Breast cancer (BC) is one of the most commonly diagnosed types of malignancy following non-melanoma skin cancer worldwide, as reported in GLOBOCAN 2012 (1). BC is a disease with a strong heritable component. Risk increases with the number of affected relatives, age at diagnosis and the number of affected male relatives (2–5). Genetic counseling has principally focused on families with a history of breast cancer that have a risk of carrying alterations in high-penetrance breast cancer 1, early onset (BRCA1) and breast cancer 2, early onset (BRCA2) genes, that are associated with the highest lifetime risk. However, only 25% of the familial aggregation of BC is explained by known high- and moderate-risk genes (6). For this reason, genetic testing leads to uninformative results in a number of patients. Numerous efforts have been made by consortia, including the Consortium of Investigators of Modifiers of BRCA1 and BRCA2 (7) and the Breast Cancer Association Consortium (8), to explain the remaining heritable risk through genome-wide association studies (GWAS).
However, GWAS results only collectively explain a small part of the estimated hereditability. It is of note that GWAS were conducted in the general population and that patients affected by familial BC constitute a different group of risk. Sawyer et al (9) analyzed 22 single nucleotide polymorphisms (SNPs), which were previously identified through GWAS to be involved in increasing the risk of developing BC in a cohort of 1,143 index patients with BRCA1/2 alterations and BRCAX indices (patients with family history of BC but with no mutation in BRCA1/2 genes). It was demonstrated that the magnitude of the effect of the SNPs was greater compared with those described through population-based studies and, in addition, the authors identified for the first time an application of GWAS results (9). However, the study conducted by Sawyer et al (9) only considered index patients, and not their relatives and the shared environmental factors.
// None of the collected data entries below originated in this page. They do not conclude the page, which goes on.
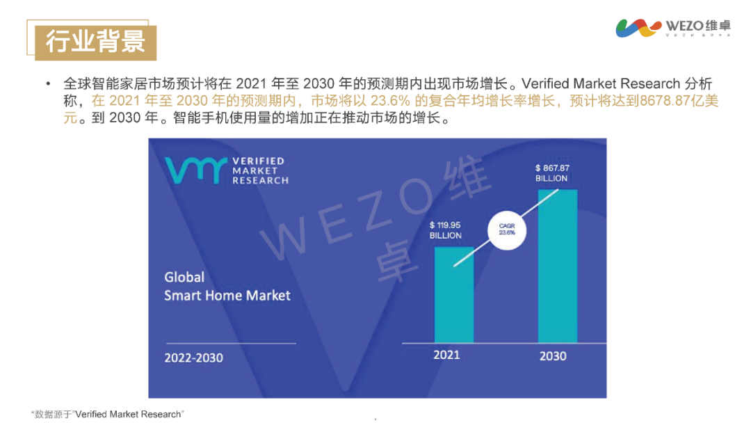 智能家居市场正以惊人的速度增长。根据Verified Market Research的分析,预计在2021年至2030年间,市场将以23.6%的复合年均增长率增长,达到8678.87亿美元的规模。智能手机的普及、宽带(Wi-Fi 6)的覆盖增加、消费者对智能家居设备节能、便利性及效率认识的提高,都是推动市场增长的重要因素。
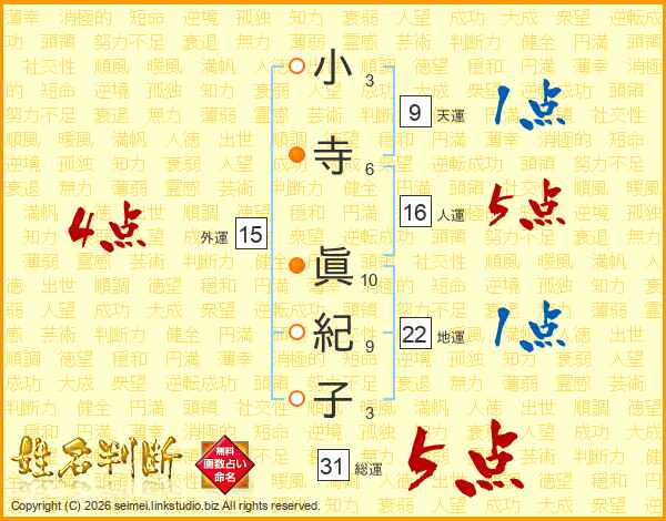小寺眞紀子さんの総運は31画の5点!
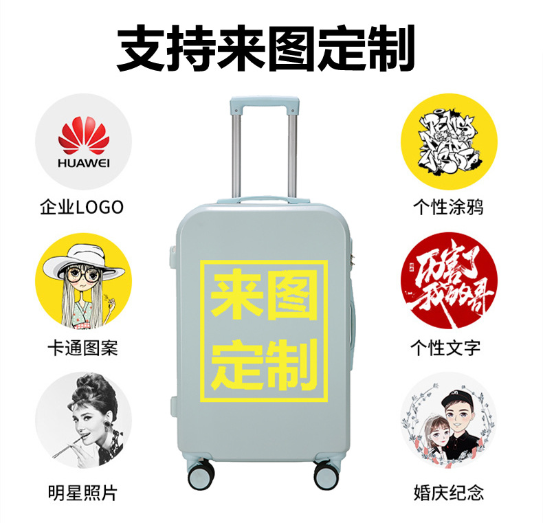 可来图印制行李箱纯色多彩旅行箱拉杆登机箱男女学生小清新密码箱
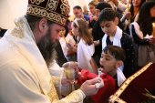 PATRIJARH PORFIRIJE KRSTIO DESETINE MALIŠANA U RIPNjU: Arhijerejsku Liturgiju služio na praznik Cveti uz sasluženje Episkopa Ilariona (FOTO)
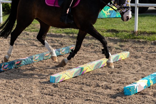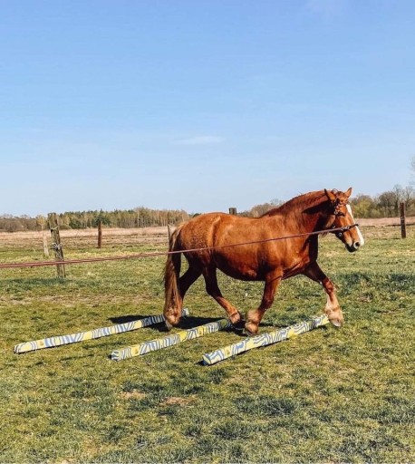Яскраві кольори та візерунки на жердинах (які ми друкуємо самі) чудово задіюють обидві півкулі мозку коня, необхідні для розвитку правильних моделей рухів.
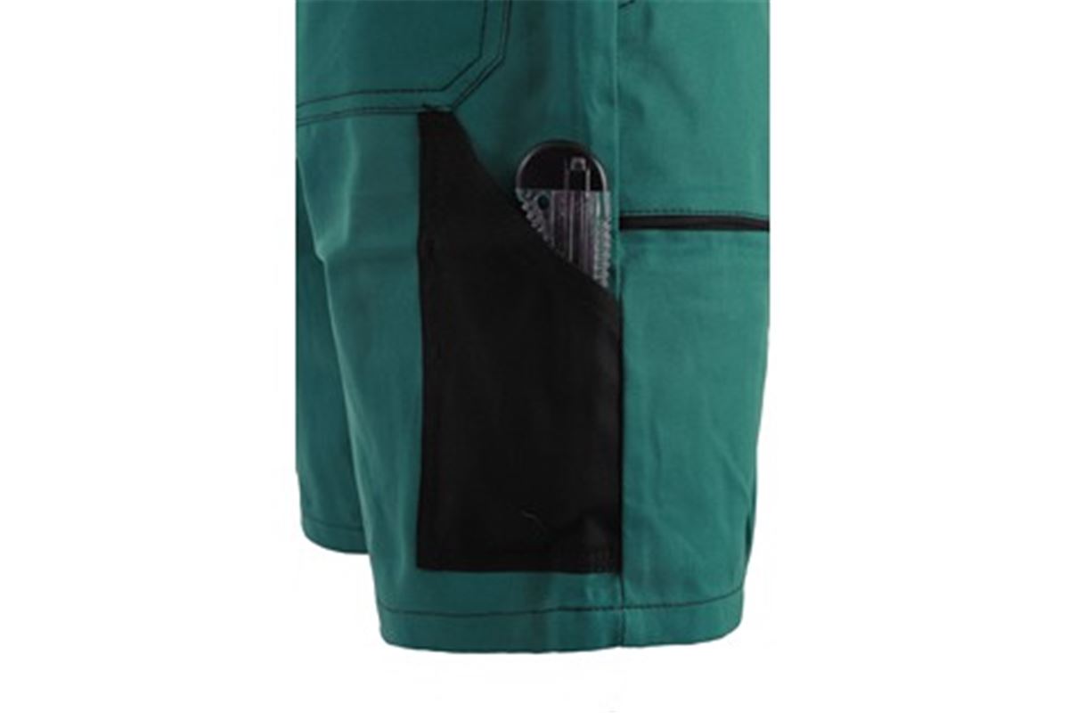 Pánské kraťasy, pevný pas vzadu do gumy s poutky na opasek, přední vakové kapsy, boční kapsy na metr a na mobil.
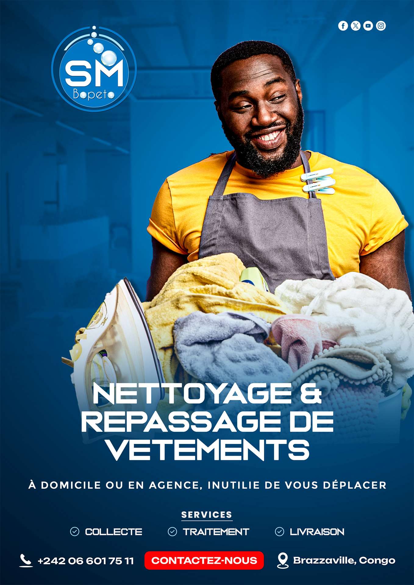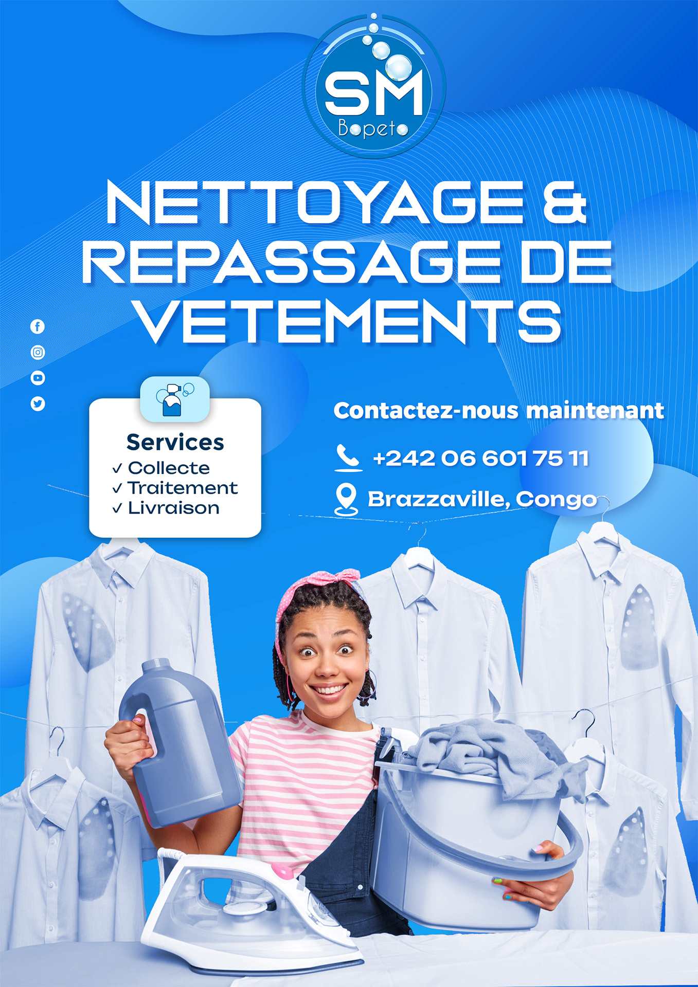 Visuel promouvant le service de nettoyage de vêtements à domicile et en agence SM Bopeto. Présentation des services, coordonnées et zone desservie. Design moderne et attrayant, avec images illustratives, pour une communication visuelle efficace et engageante.
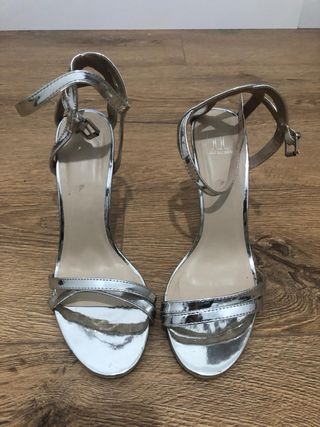 Elegantes zapatos de tacón con un acabado plateado brillante. Perfectos para añadir un toque de glamour a cualquier atuendo. - Diseño de tiras finas. - Cierre de hebilla en el tobillo. - Tacón de aguja.
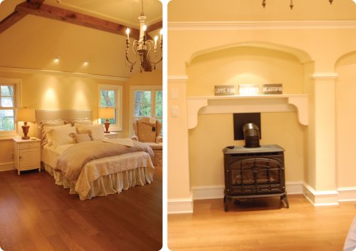 With soft linens and a fully functional wood burning stove fireplace in the room, I sure wouldn’t mind cozying up at night with the latest issue of Vogue and a glass of wine. The peaked ceilings in this room gave it such an open, airy feeling. Ahhh….
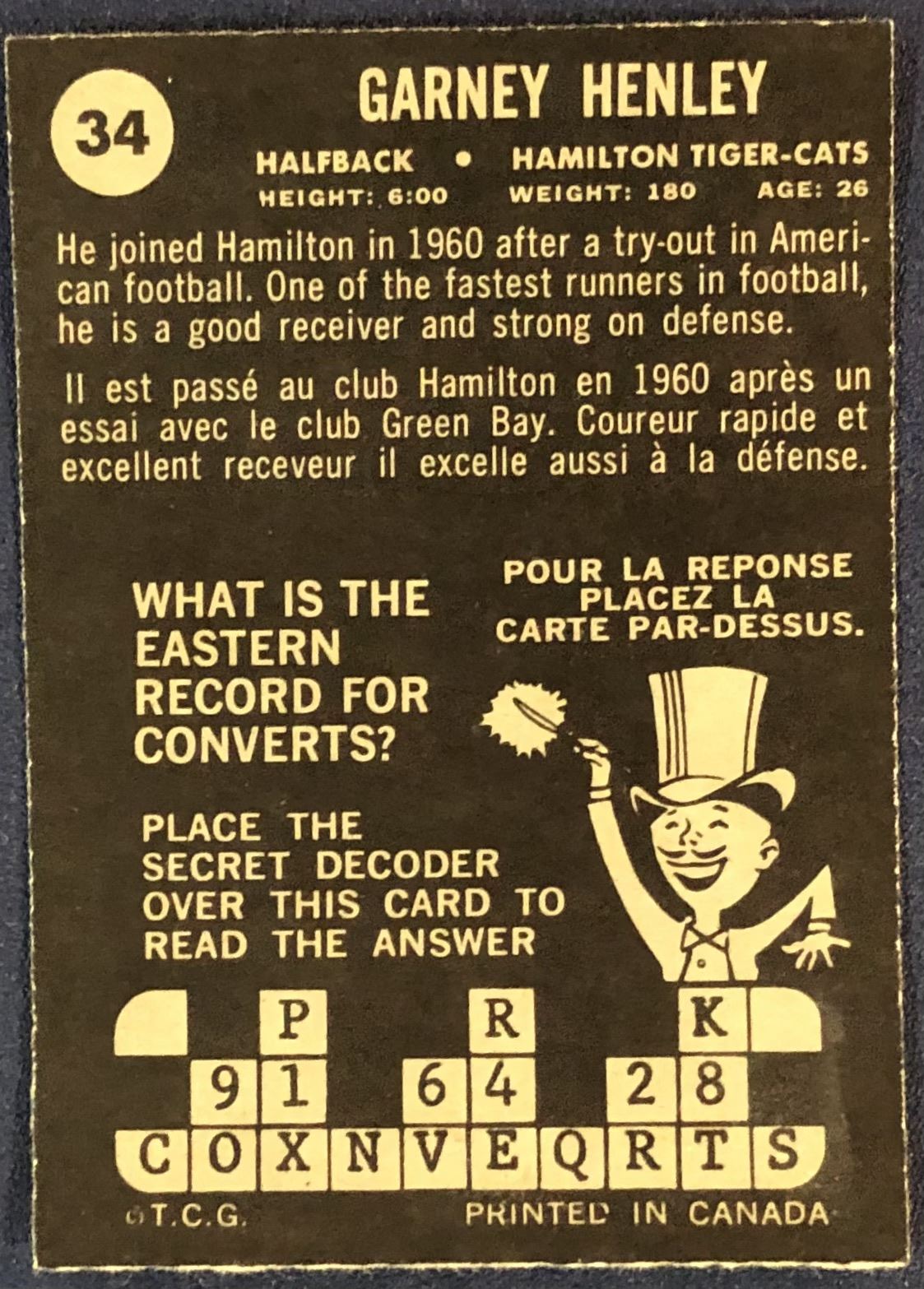 Lot 258 1964 O-PEE-CHEE GARNEY HENLEY (HOF)
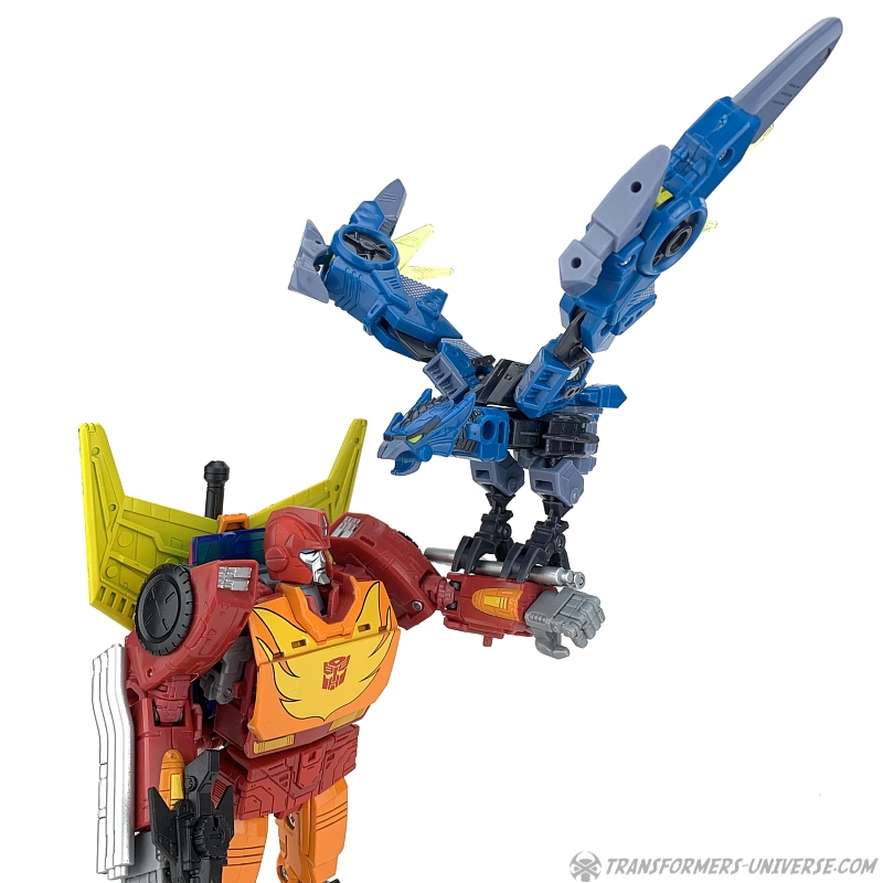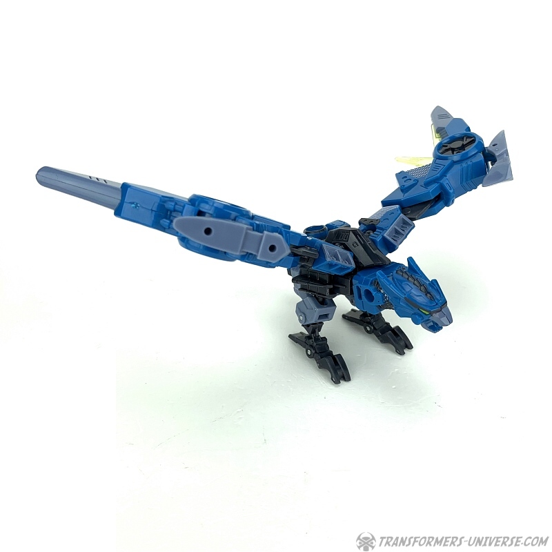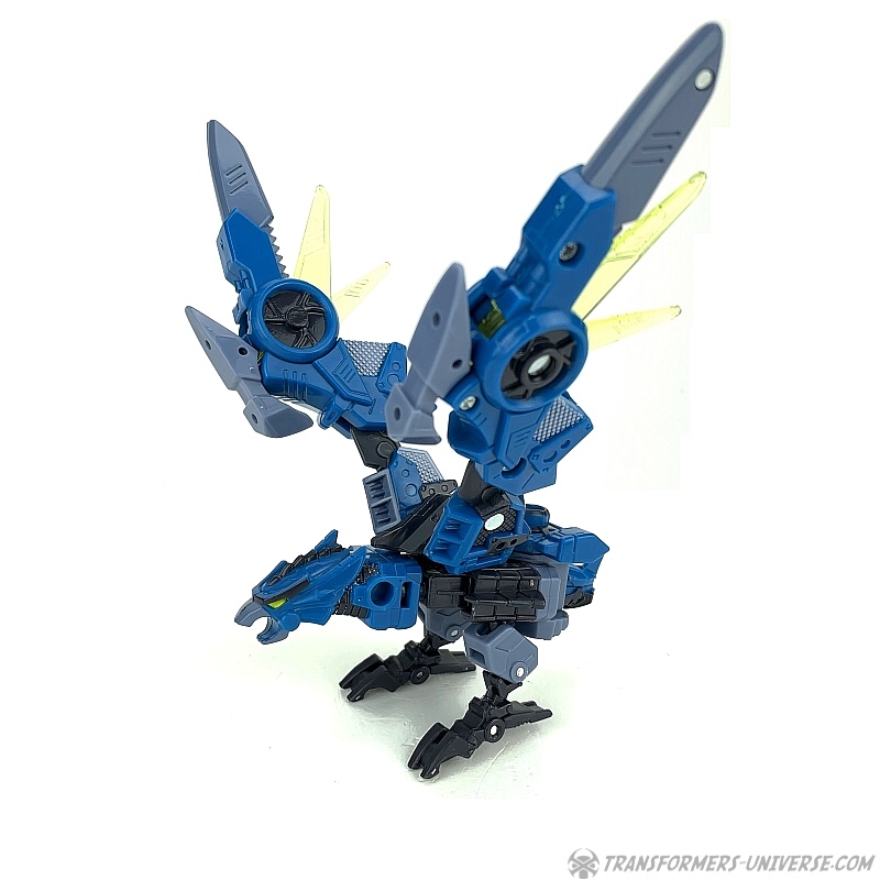 Alternate Mode: Shadowhawk’s transformation is simple, yet surprisingly effective. The robotic bird’s large wings unfold from his robot legs, the arms form the bird head and neck, while the robot head becomes the tail. The bird is amazingly well-articulated, being able to move his wings and feet in all sorts of ways. Only its neck and head are fixed, but that’s not really an issue for me. The ‘claws’ of the feet make it so that Shadowhawk can easily perch on the arm or shoulder of a larger Transformer, too.

Family-based studies provide several opportunities for the investigation and interpretation of the numerous, but at present unidentified, genetic variations underlying complex diseases. This type of study allows heritability (h2) to be estimated, which is formally defined as a ratio of variances, or more specifically as the proportion of total variance in a population for a particular measurement, obtained at a particular time or age that is attributable to variation in additive genetic values (10).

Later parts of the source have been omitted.